View(combination_counts)
least_common_combo <- combination_counts %>%
filter(Count == min(Count))
cat("\nleast Common Combinations:\n")
##
## least Common Combinations:
print(least_common_combo)
## # A tibble: 258 × 4
## # Groups: occupation, education [209]
## occupation education race Count
## <chr> <chr> <chr> <int>
## 1 " ?" " 10th" " Amer-Indian-Eskimo" 1
## 2 " ?" " 11th" " Amer-Indian-Eskimo" 1
## 3 " ?" " 11th" " Asian-Pac-Islander" 1
## 4 " ?" " 12th" " Black" 4
## 5 " ?" " 1st-4th" " Black" 2
## 6 " ?" " 5th-6th" " Black" 2
## 7 " ?" " 7th-8th" " Black" 2
## 8 " ?" " 9th" " Black" 3
## 9 " ?" " Assoc-acdm" " Black" 2
## 10 " ?" " Assoc-voc" " Asian-Pac-Islander" 1
## # ℹ 248 more rows
library(ggplot2)
ggplot(combination_counts, aes(x = combination_counts$occupation, y = combination_counts$Count))+ geom_bar(stat = "identity", position = position_dodge(width = 0.8)) +
facet_wrap(~combination_counts$education) +
labs(
x = "occupation",
y = "Count",
fill = "education",
title = "Grouped Barplot for occupation, count and education"
) +
theme_minimal() + scale_fill_discrete() + theme(legend.position = "top") + theme(axis.text.x = element_text(angle = 60, hjust = 1))

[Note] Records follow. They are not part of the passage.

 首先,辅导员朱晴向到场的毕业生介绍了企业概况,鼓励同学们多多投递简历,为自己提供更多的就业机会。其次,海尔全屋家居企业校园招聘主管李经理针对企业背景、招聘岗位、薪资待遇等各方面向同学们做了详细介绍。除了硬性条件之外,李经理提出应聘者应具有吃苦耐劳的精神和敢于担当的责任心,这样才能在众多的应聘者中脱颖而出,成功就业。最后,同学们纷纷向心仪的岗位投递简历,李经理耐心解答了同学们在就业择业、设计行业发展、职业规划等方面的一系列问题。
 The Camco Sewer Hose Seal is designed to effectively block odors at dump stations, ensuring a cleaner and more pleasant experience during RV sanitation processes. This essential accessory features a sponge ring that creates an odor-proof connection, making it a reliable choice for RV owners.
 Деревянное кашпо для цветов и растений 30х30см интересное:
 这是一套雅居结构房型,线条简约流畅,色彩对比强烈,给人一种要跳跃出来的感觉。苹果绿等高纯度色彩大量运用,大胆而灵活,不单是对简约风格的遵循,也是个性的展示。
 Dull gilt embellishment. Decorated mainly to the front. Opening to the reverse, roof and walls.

ggplot(combination_counts, aes(x = combination_counts$occupation, y = combination_counts$education, fill = combination_counts$Count)) +
geom_tile() +
scale_fill_gradient(low = "blue", high = "green") +
labs(x = "occupation", y = "education", fill = "Count") +
theme_minimal() +
theme(axis.text.x = element_text(angle = 45, hjust = 1))

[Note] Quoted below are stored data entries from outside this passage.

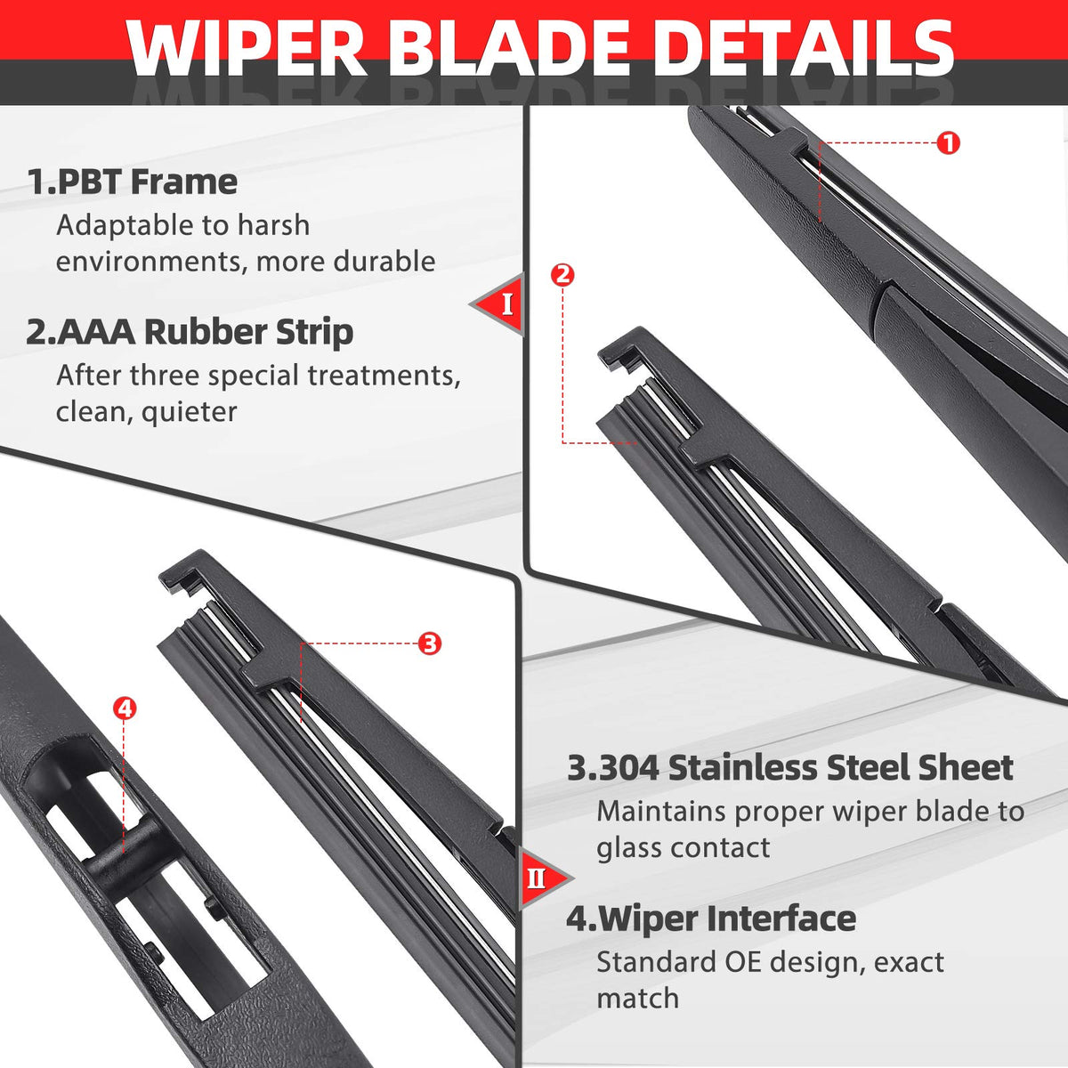Q: What advantages does this wiper set have over other similar products?A: This OTUAYAUTO rear wiper set features a stainless design that offers wear and extreme weather resistance, improving the service life by 80% compared to other products on the market.
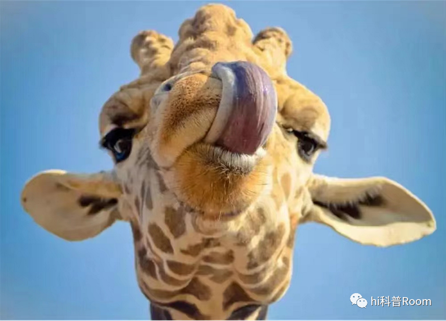 而且长颈鹿最神奇的是拥有将近半米长的舌头,它的舌头的颜色特别的奇特,舌头的前半段是深紫色的,后半段才是正常粉嫩的肉色,据说这是因为在非洲热带地区,紫外线太强,而长颈鹿又需要长时间伸舌头获取大量的食物,所以为了防止舌头被紫外线晒伤才会呈现这样的颜色。
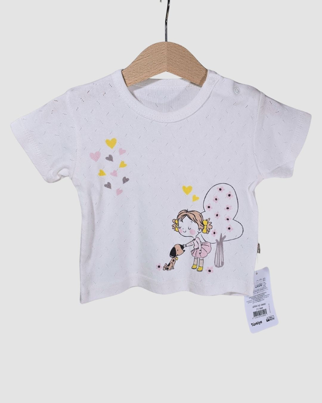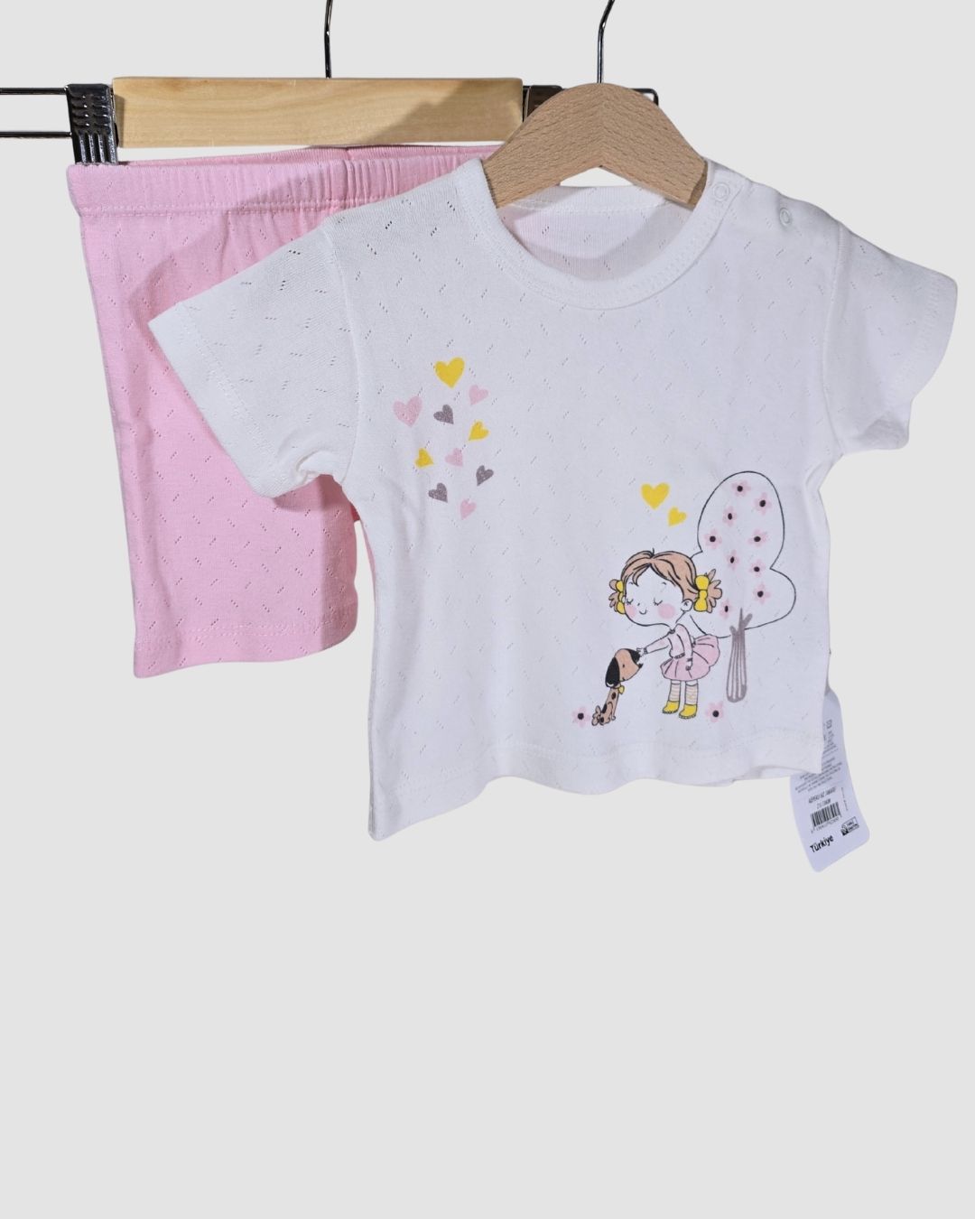 Комплект от памучна тениска и къси панталони, подходящи за момиче.
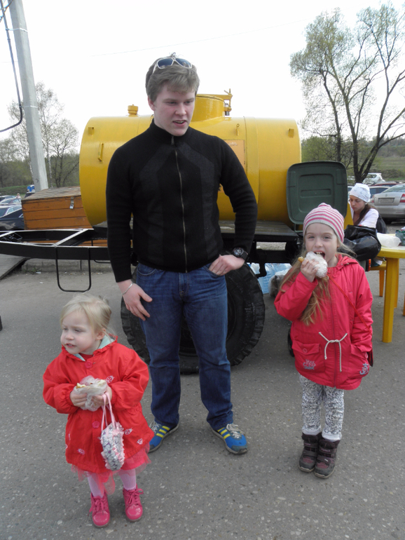 Перед въездом в монастырь в этот раз развернулась целая ярмарка, где продавался и монастырский квас, который наливали из таких бочек. Так же там работает лавка, где можно купить вкуснейших хлеб из гречневой муки, луковый и прочей, очень вкусно) Со старшим братом, дети едят:
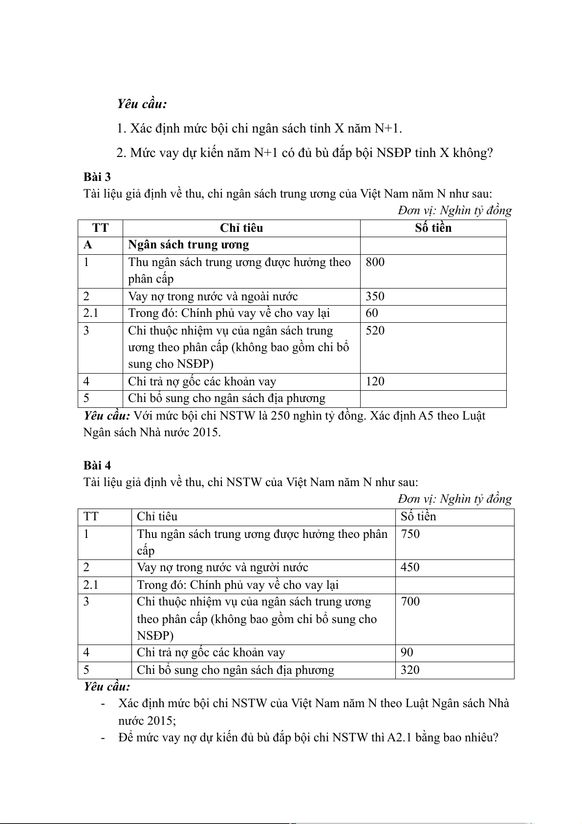 - Xác định mức bội chi NSTW của Việt Nam năm N theo Luật Ngân sách Nhà nước 2015;
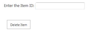 - Add an input text box to capture the id details and a button to delete an item, by id provided in the TextBox..Place the following code inside the “PlaceHolderMain” tag.
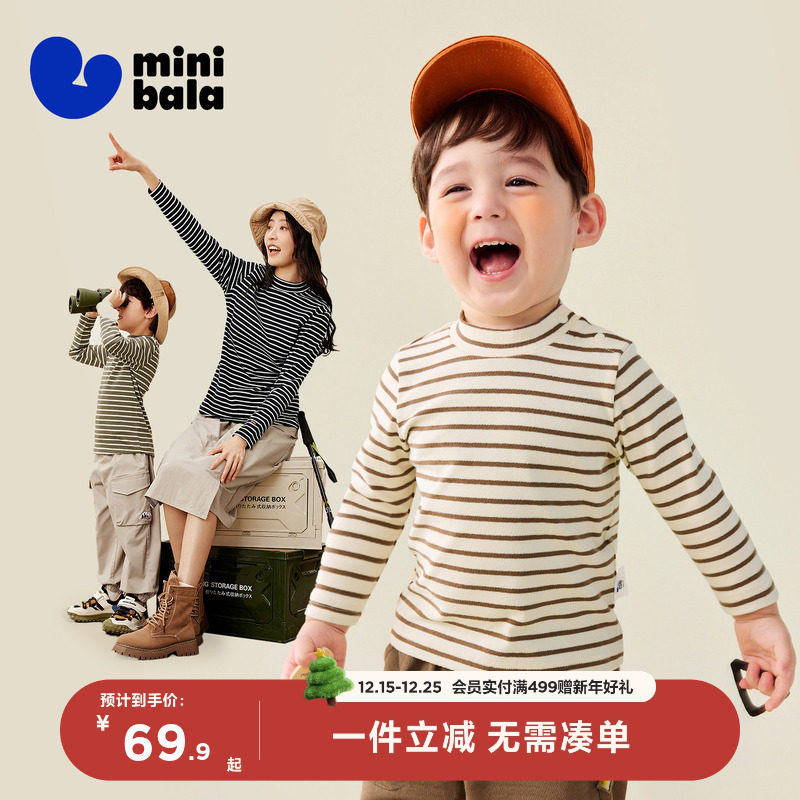 迷你巴拉巴拉男女童亲子长袖T恤2025秋冬季儿童半高领百搭打底衫

ggplot(combination_counts, aes(x = combination_counts$race, y = combination_counts$education, fill = combination_counts$Count)) +
geom_tile() +
scale_fill_gradient(low = "orange", high ="white") +
labs(x = "race", y = "education", fill = "Count") +
theme_minimal() +
theme(axis.text.x = element_text(angle = 45, hjust = 1))

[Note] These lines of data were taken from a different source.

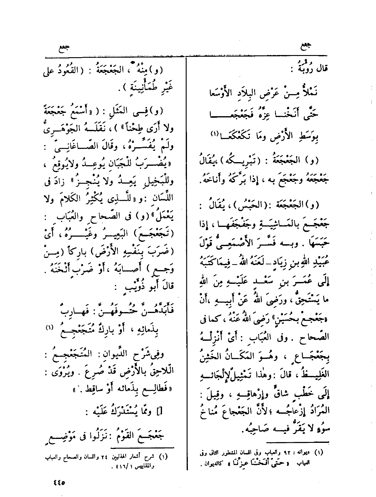 وفِي المَثَلِ: أَسْمَعُ {جَعْجَعَةً وَلَا أَرَى طِحْناً، نَقَلَهُ الجَوْهَرِيُّ ولَمْ يُفَسِّرْهُ، وقَالَ الصّاغَانِيّ: يُضَرَبُ للْجَبَانِ يُوعِدُ ولايُوقِعُ، وللْبَخِيلِ يَعِدُ وَلَا يُنْجِزُ زادَ فِي اللِّسَانِ: وللَّذِي يَكْثِرُ الكَلامَ وَلَا يَعْمَلُ وَفِي الصّحاحِ والعُبَابِ:} تَجَعْجَعَ البَعِيرُ وغَيْرُهُ، أَيْ ضَرَبَ بِنَفْسِهِ الأَرْضَ بارِكاً مِنْ وَجعٍ أَصابَهُ، أَوْ ضَرْبٍ أَثْخَنَهُ. قالَ أَبو ذُؤَيْبٍ:
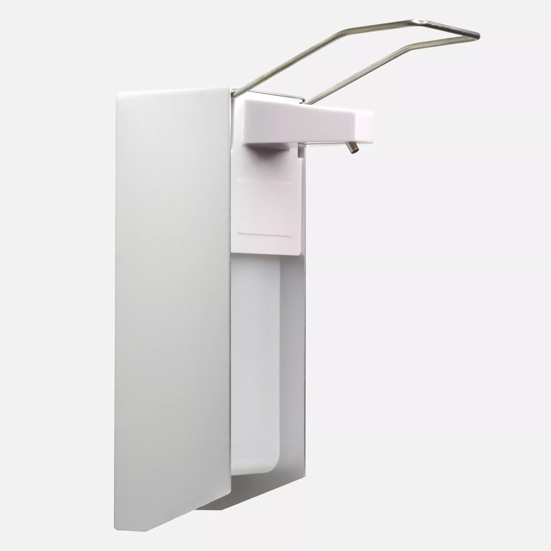 Professional wall-mounted disinfectant dispenser combining aluminum and plastic construction for durability and practical use. This hygienic solution features a convenient arm lever mechanism for hands-free operation and includes a removable pump for easy maintenance and refilling. The dispenser comes complete with wall mounting materials and offers a generous 1,000 ml capacity for high-traffic areas.
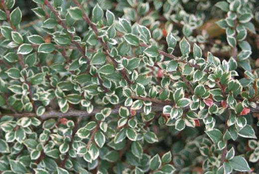 Кизильник Variegatus - в высоту может достигать 30 см, одновременно разрастаясь на полтора метра в диаметре. Такой кустарник является вечнозеленым и очень красив в осенние месяцы. Именно в этот период его листья приобретают красный или розовый цвет с небольшой каймой кремового цвета. Кроме того, каждый из листков имеет белую полосу по краю, длинной примерно в 1,5 см.

From the whether graphs we can conclude few points like there are more white people who completed the HS grad education compared to others and people who completed the HS Grad study are more in the field of craft reparing occupation. Also most of the people who are doing some job are from mostly HS grad, pre-school and some college degree i.e. there are very few people who completed higher degree like phd. There are some fields in the dataset which has “?” as the instance. This value might not effect the categorical attribute, but definitely effects the numerical variable. This could mislead the analysis by not summarizing and aggregating the values. Hence, plotting against those variable makes no sense.